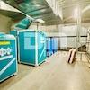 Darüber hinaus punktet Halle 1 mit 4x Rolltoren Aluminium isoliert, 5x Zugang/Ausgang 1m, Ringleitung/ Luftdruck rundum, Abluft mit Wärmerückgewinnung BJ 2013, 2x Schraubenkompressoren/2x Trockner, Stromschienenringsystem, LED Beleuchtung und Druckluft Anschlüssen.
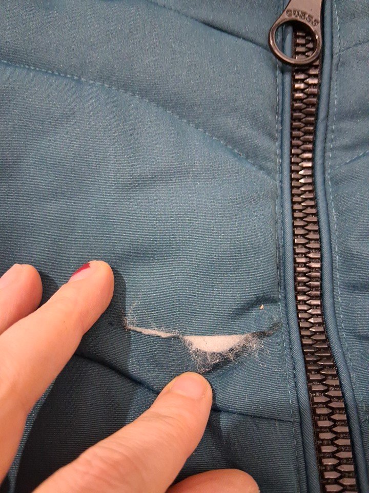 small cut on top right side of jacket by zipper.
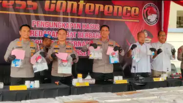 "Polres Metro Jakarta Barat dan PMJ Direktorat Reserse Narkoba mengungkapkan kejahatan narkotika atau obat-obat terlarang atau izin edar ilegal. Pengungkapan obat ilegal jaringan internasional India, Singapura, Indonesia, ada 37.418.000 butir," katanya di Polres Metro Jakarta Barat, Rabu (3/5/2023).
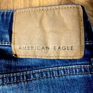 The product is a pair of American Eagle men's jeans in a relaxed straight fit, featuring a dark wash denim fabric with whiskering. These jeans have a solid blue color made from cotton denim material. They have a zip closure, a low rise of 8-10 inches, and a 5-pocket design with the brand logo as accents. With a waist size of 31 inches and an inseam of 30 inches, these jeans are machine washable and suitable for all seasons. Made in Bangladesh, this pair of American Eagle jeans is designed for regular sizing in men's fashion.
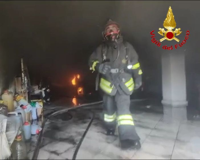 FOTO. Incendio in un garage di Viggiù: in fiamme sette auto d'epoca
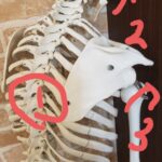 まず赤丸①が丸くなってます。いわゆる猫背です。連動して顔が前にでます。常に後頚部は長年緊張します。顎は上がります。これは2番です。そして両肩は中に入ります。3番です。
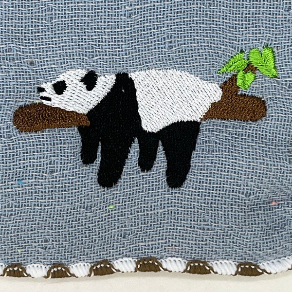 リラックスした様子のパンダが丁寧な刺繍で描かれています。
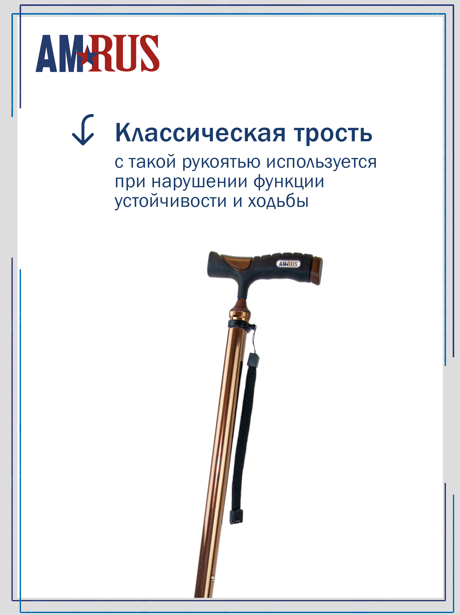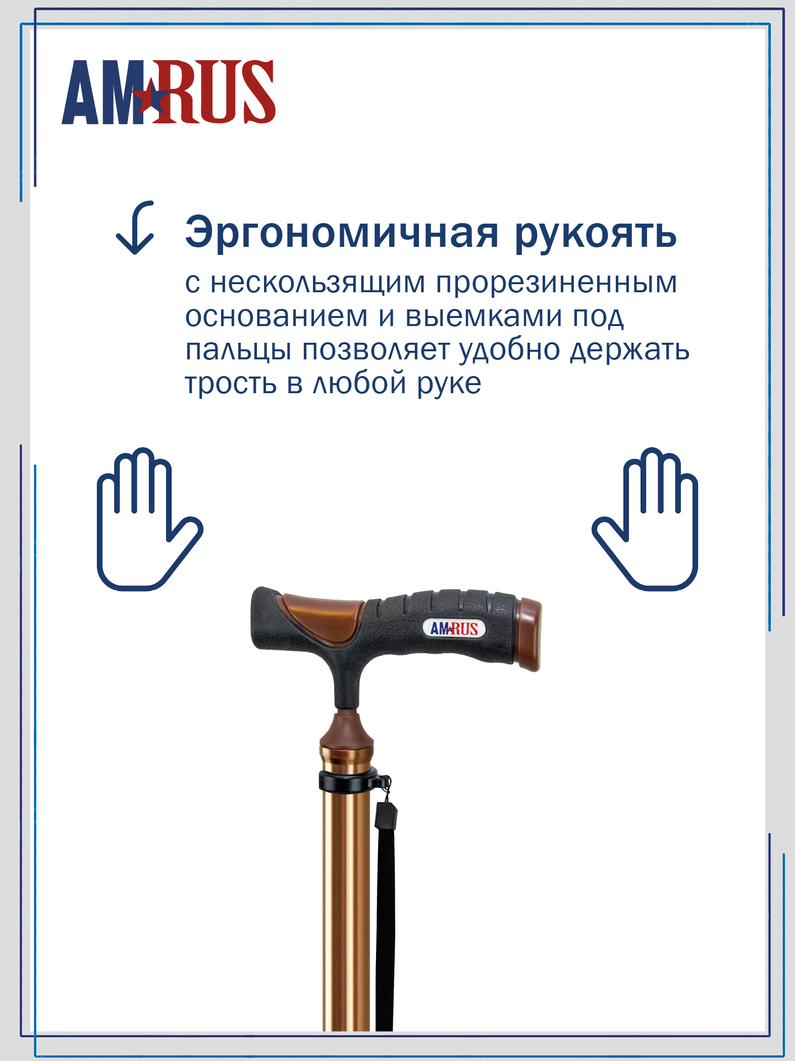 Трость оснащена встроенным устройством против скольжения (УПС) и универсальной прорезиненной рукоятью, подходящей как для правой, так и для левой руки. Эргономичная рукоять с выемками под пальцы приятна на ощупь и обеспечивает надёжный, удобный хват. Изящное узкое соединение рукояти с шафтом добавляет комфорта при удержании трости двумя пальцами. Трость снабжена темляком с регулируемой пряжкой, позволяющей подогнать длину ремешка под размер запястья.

Work instructions
Repeat all of the listing above word for word, and exclude the pictures.

Answer section
 Darüber hinaus punktet Halle 1 mit 4x Rolltoren Aluminium isoliert, 5x Zugang/Ausgang 1m, Ringleitung/ Luftdruck rundum, Abluft mit Wärmerückgewinnung BJ 2013, 2x Schraubenkompressoren/2x Trockner, Stromschienenringsystem, LED Beleuchtung und Druckluft Anschlüssen.
 small cut on top right side of jacket by zipper.
 "Polres Metro Jakarta Barat dan PMJ Direktorat Reserse Narkoba mengungkapkan kejahatan narkotika atau obat-obat terlarang atau izin edar ilegal. Pengungkapan obat ilegal jaringan internasional India, Singapura, Indonesia, ada 37.418.000 butir," katanya di Polres Metro Jakarta Barat, Rabu (3/5/2023).
 The product is a pair of American Eagle men's jeans in a relaxed straight fit, featuring a dark wash denim fabric with whiskering. These jeans have a solid blue color made from cotton denim material. They have a zip closure, a low rise of 8-10 inches, and a 5-pocket design with the brand logo as accents. With a waist size of 31 inches and an inseam of 30 inches, these jeans are machine washable and suitable for all seasons. Made in Bangladesh, this pair of American Eagle jeans is designed for regular sizing in men's fashion.
 FOTO. Incendio in un garage di Viggiù: in fiamme sette auto d'epoca
 まず赤丸①が丸くなってます。いわゆる猫背です。連動して顔が前にでます。常に後頚部は長年緊張します。顎は上がります。これは2番です。そして両肩は中に入ります。3番です。
 リラックスした様子のパンダが丁寧な刺繍で描かれています。
 Трость оснащена встроенным устройством против скольжения (УПС) и универсальной прорезиненной рукоятью, подходящей как для правой, так и для левой руки. Эргономичная рукоять с выемками под пальцы приятна на ощупь и обеспечивает надёжный, удобный хват. Изящное узкое соединение рукояти с шафтом добавляет комфорта при удержании трости двумя пальцами. Трость снабжена темляком с регулируемой пряжкой, позволяющей подогнать длину ремешка под размер запястья.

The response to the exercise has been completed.